Each line below from the "Kings River Park" line through the "Figure 1 - The" line, those two included, must be restated word for word; the pictures must not be.

[DATA SUPPLIED — start]

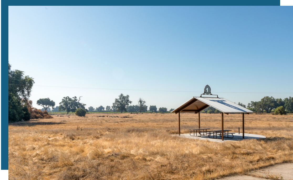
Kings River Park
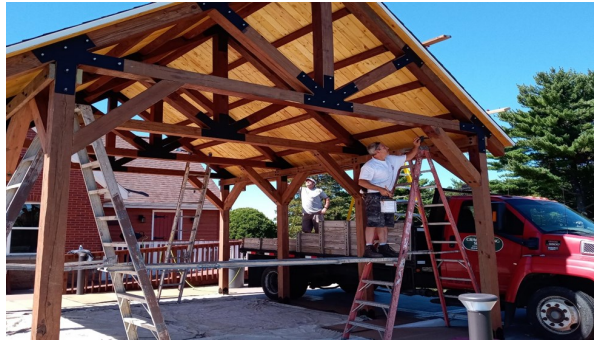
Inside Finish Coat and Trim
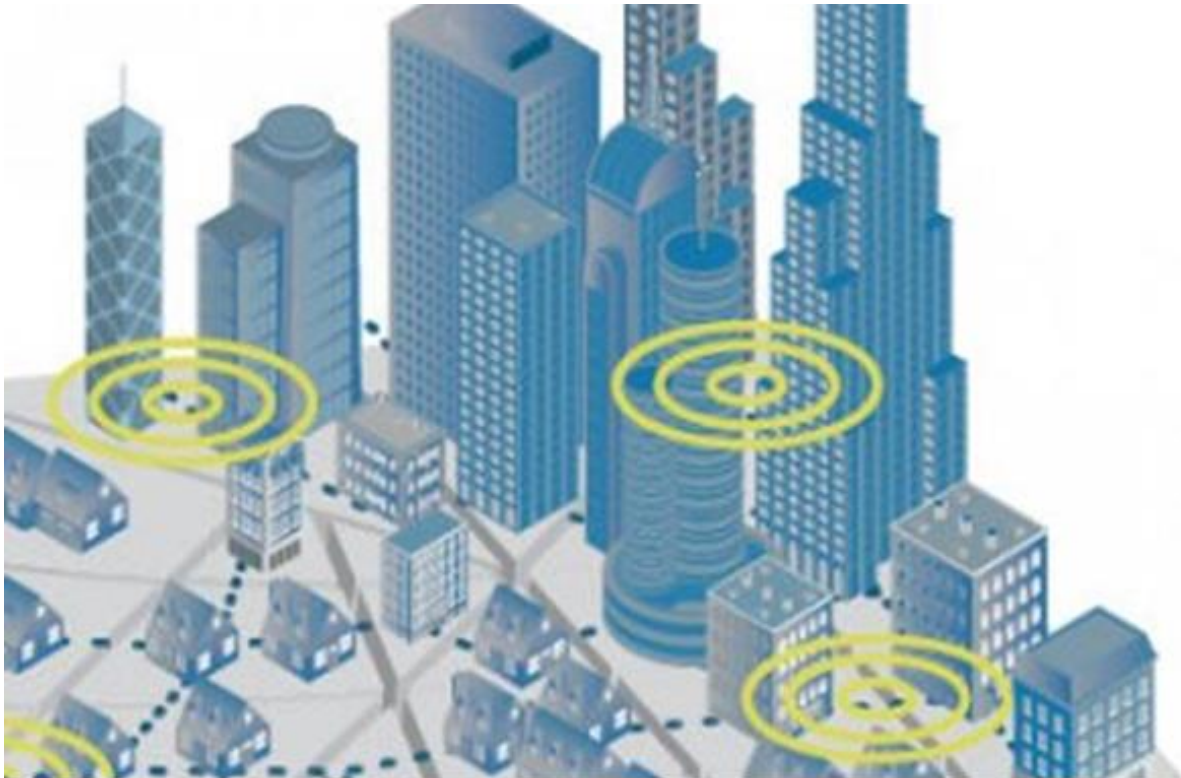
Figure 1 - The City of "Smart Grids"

[DATA SUPPLIED — finish]
[DATA SUPPLIED — start]

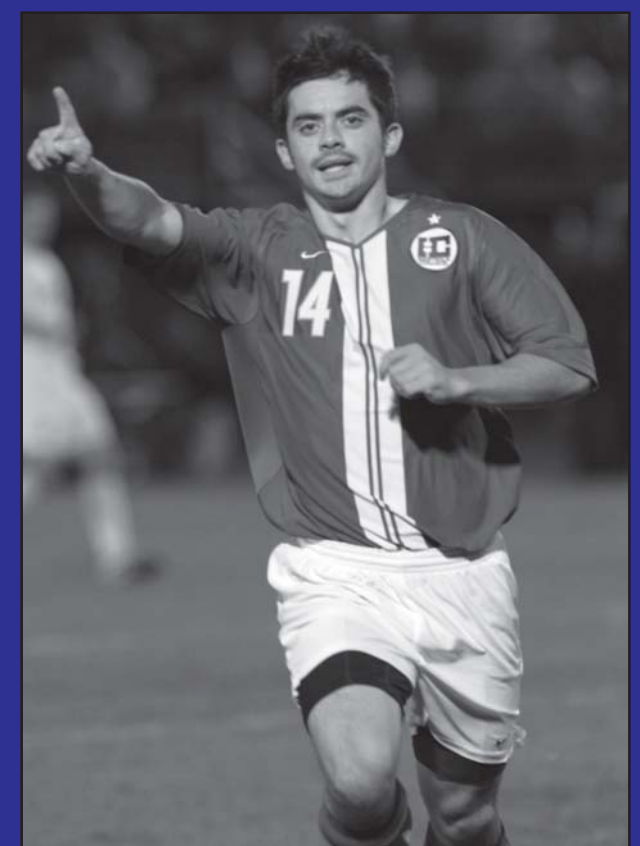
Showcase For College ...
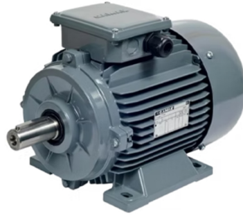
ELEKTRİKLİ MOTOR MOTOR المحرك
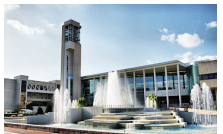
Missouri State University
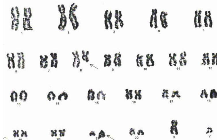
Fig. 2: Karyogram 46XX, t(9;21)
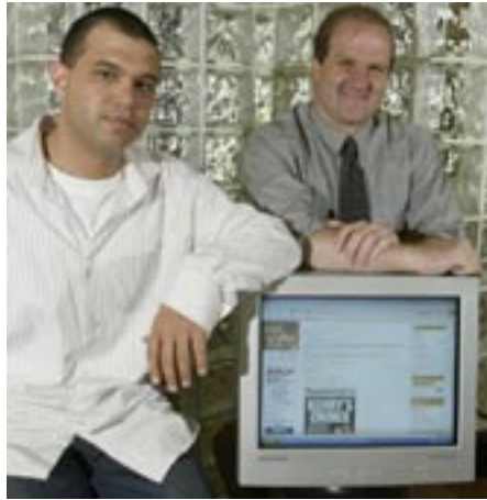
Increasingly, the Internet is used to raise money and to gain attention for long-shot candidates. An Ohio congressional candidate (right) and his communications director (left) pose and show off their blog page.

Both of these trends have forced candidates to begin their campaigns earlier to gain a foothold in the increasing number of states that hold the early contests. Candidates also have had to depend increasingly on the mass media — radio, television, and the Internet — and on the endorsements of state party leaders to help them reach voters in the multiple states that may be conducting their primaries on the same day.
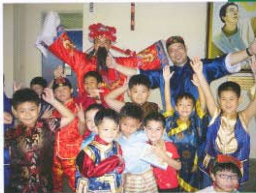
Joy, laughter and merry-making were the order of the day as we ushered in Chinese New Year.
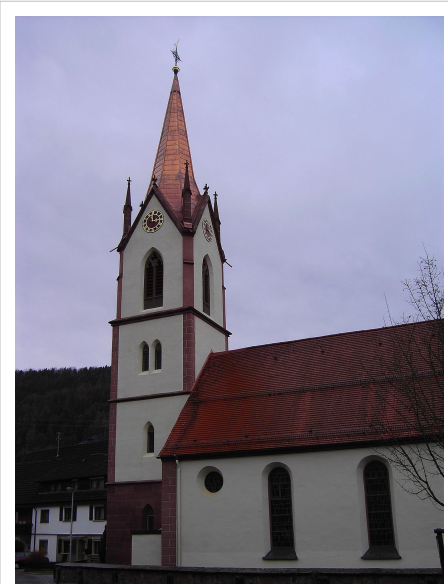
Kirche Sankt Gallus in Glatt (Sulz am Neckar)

[DATA SUPPLIED — finish]

* [RESPONSE TO THIS TASK]
Kings River Park
Inside Finish Coat and Trim
Figure 1 - The City of "Smart Grids"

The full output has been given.